In [None]:
library(tidyverse)
library(repr)
library(tidymodels)

In [None]:
players <- read_csv("data/players.csv")
players

sessions <- read_csv("data/sessions.csv")
sessions

In [None]:
sessions <- sessions |>
    mutate(start_time = dmy_hm(start_time),
           end_time = dmy_hm(end_time))

sessions

In [None]:
sessions_playtime <- sessions |>
    mutate(play_time = as.numeric(difftime(end_time, start_time)))

sessions_playtime

In [None]:
player_playtime <- sessions_playtime |>
    group_by(hashedEmail) |>
    summarize(total_minutes = sum(play_time, na.rm = TRUE)) |>
    arrange(desc(total_minutes))

top20_player_ids <- player_playtime |>
    slice(1:20) |>
    pull(hashedEmail)

top20_players <- players |>
    filter(hashedEmail %in% top20_player_ids)

top20_players

To answer the question 2, I extract the top 20 players with the highest total play time, and analyze their characteristics, such as experience level, age, and gender. By visualizing these patterns, I am trying to check whether certain types of players are more likely to become heavy contributors and produce large amounts of gameplay data.

**Data Description**

For this project, I am using two datasets collected from a Minecraft research server. Since my project focuses on identifying which kinds of players contribute the most gameplay data, the sessions dataset plays a central role. A single player may appear many times in session data, so I computed the total play time for each player by adding the duration of all their sessions. After creating this aggregated measure, I identified the top 20 players with the highest total play time.
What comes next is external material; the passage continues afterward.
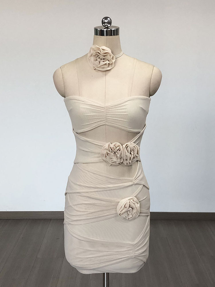 Diynav Sexy Boobs Mesh Flowers Design Short Skirt Hollow Folded Back Wrinkle Body Hip Skirt
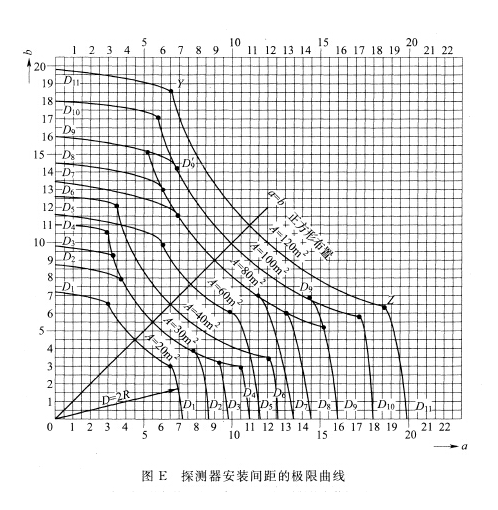 D1~D11(含 D9′)——在不同保护面积 A 和保护半径下确定探测器安装间距 a、b 的极限曲线;

These players are used to check whether characteristics such as experience, age, or gender are associated with being a heavy contributor.

Below are the key variables I use from each dataset

**Number of Observations:**
* There are 68 players in player.csv dataset, and each player is identified using an anonymized hashed email.
* In sessions dataset, there are total 1535 observations wih detailed logs of gameplay sessions.

**From sessions.csv**
* hashedEmail (Character): Player identifier
* start_time (Datetime): when the session started (DD/MM/YYYY HH:MM) format
* end_time (Datetime): when the session ended (DD/MM/YYYY HH:MM) format
* play_time (Numeric): Lengtho of the session in minutes

**From players.csv**
* experience (Character): Player identifier
* gender (Character): Gender
* Age (Numeric): Age in years
* played_hours (Numeric): Self-reported total hours played

**Potential Issues:**

* Some sessions are extremely long, which may indicate players are not playing the game(AFK)
* Several variables in the players dataset, like played_hours, experience level, are self-reported and may not be fully accurate
* The overall sample size is small (68 players)